The Congressional Record is a unique source of public documentation. It started in 1873, documenting nearly all the major and minor policies being discussed and debated.

“Tribute to Roy Blunt (Executive Session)” mentioning Roy Blunt was published in the Senate section on pages S1439-S1440 on March 10.

Of the 100 senators in 117th Congress, 24 percent were women, and 76 percent were men, according to the Biographical Directory of the United States Congress.

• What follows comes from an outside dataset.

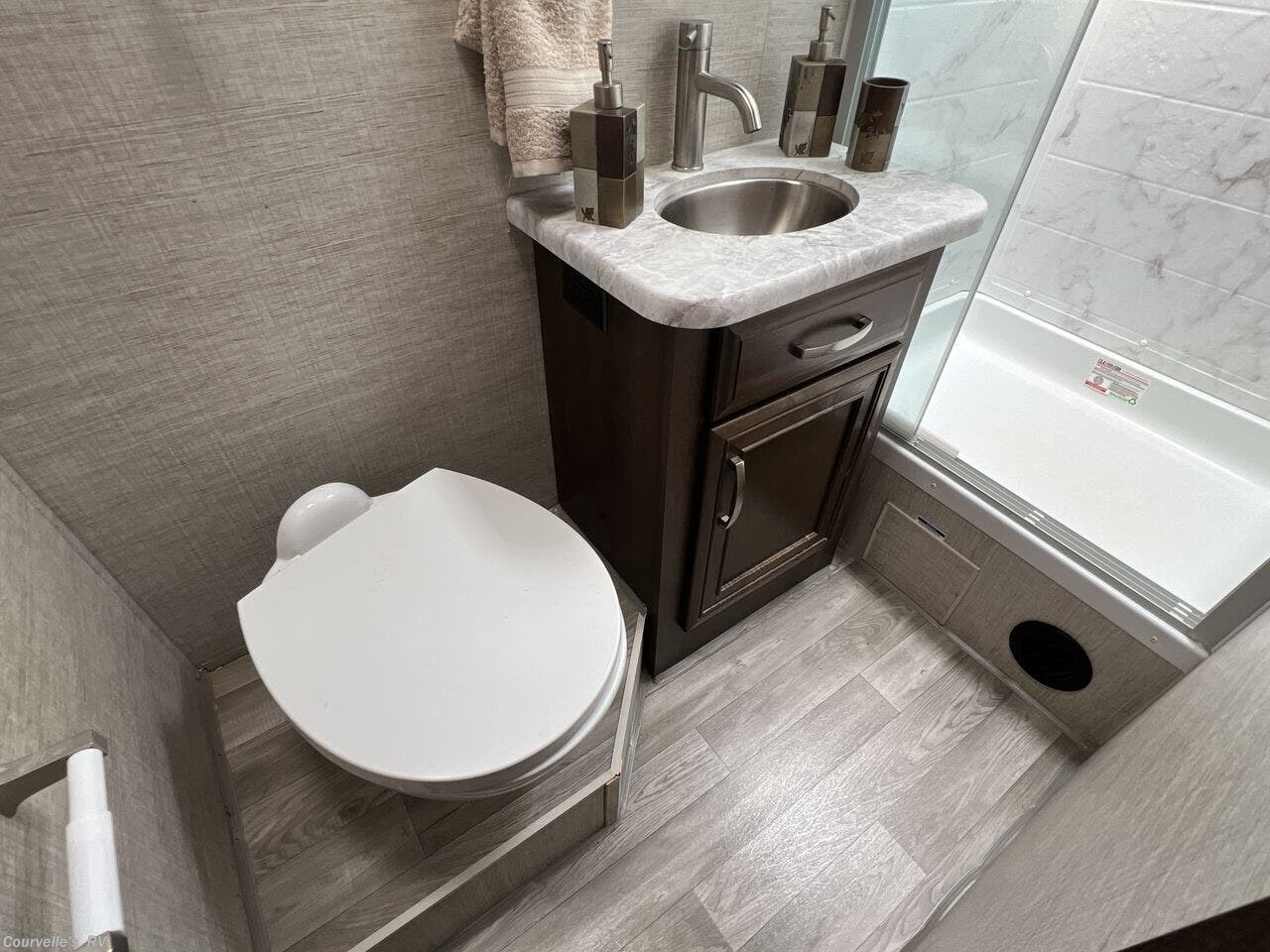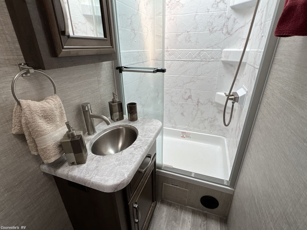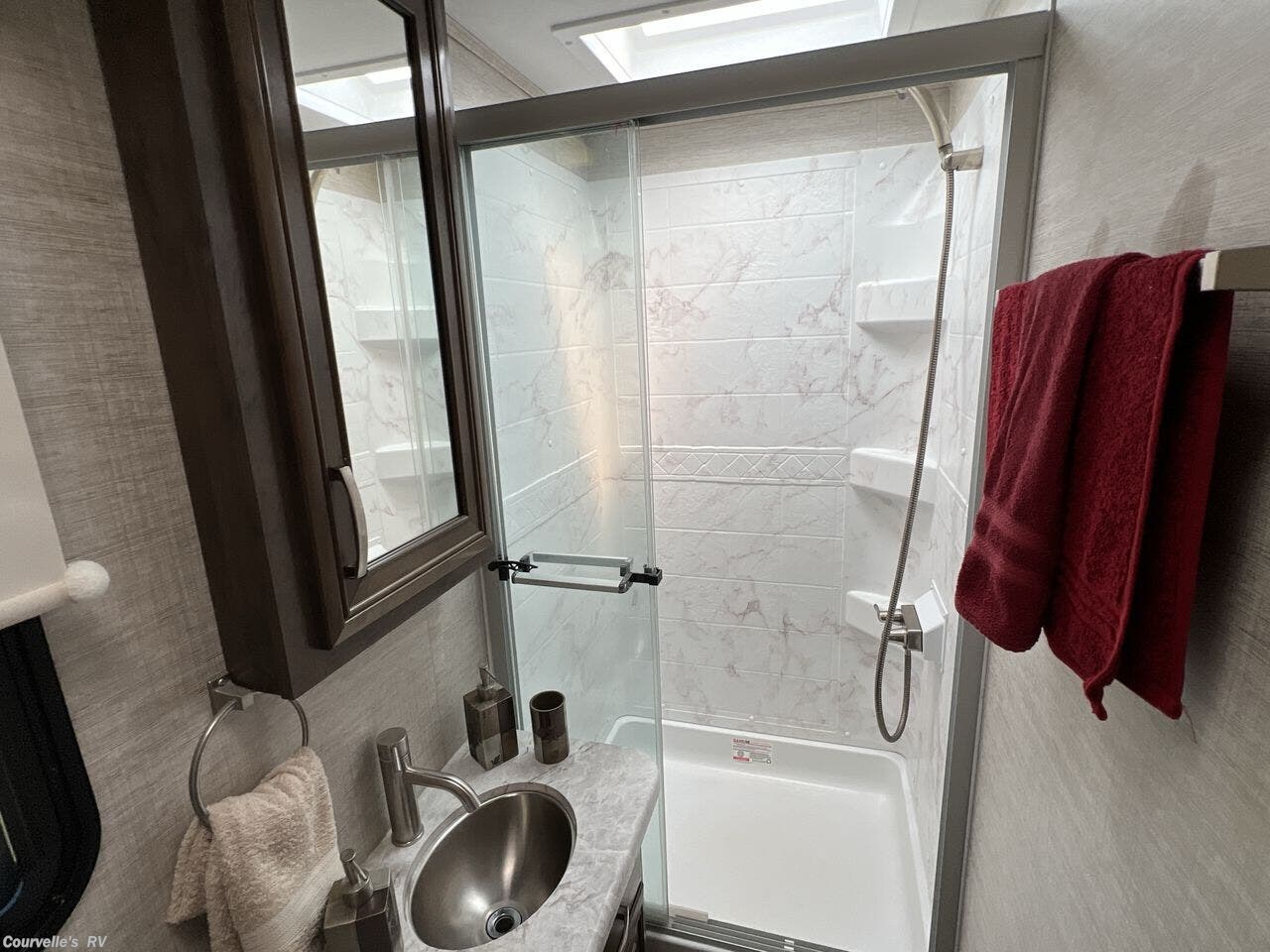 Booth Dinette, Glass Shower Door, King Size Bed, Leather Furniture, Medicine Cabinet, Non-Smoking Unit, Pantry, Roof Vents, Self Contained, Shower, Toilet -

Senators' salaries are historically higher than the median US income.

The publication is reproduced in full below:

Tribute to Roy Blunt

Mr. THUNE. Mr. President, before I begin, I want to take a moment to express my sadness about Senator Blunt's announcement that he will not seek reelection in 2022.

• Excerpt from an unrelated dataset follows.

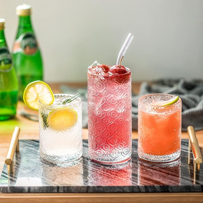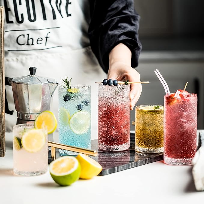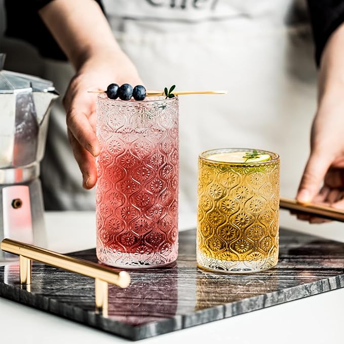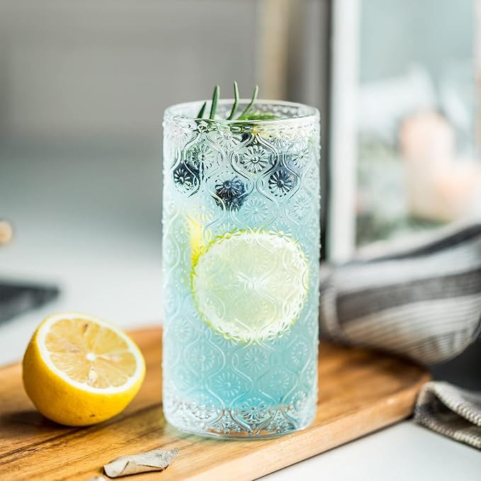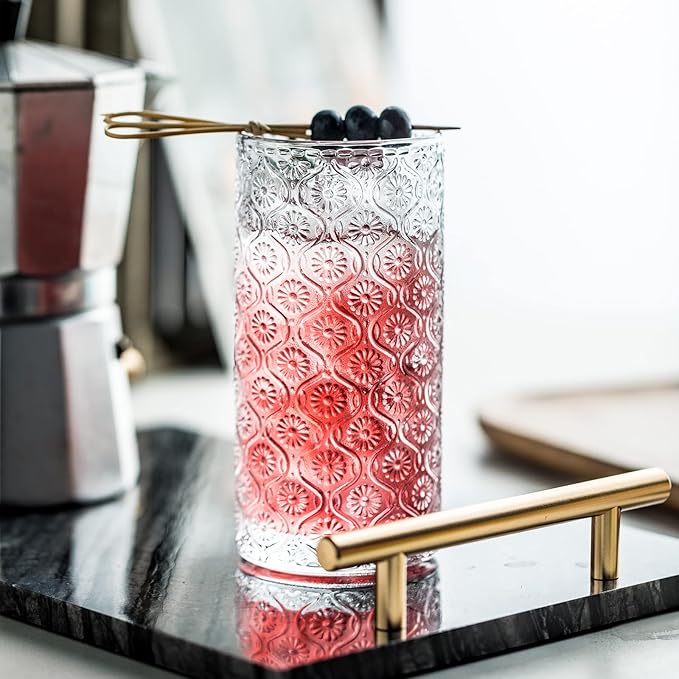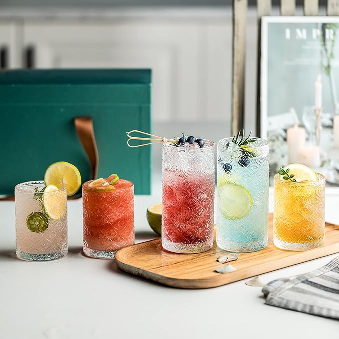 Glass Cups Vintage Glassware Set of 4, Drinking Glasses 12.5oz, Embossed Pattern Style Transparent Cocktail Glasses Set, for Ice Coffee,Juice,Beer,Bar Beverages,Drinkware, Transparent (L)

He has been a leader within our conference ever since he came over to the Senate, and he will be sorely missed. I will especially miss having him as a Member of the whip team here in the Senate.

I came to the House of Representatives with Senator Blunt back in the election of 1996. We began our service in January of 1997, and he quickly rose up through the ranks in the House and became the Republican whip in the House of Representatives. He has always been involved in leadership wherever he has been, and his list of achievements is long.

All Americans have benefited over the past year from his tremendous efforts to accelerate coronavirus testing and vaccine development. And less than 2 months ago, in his role as chairman of Rules Committee, he oversaw a very successful inauguration at a particularly challenging time.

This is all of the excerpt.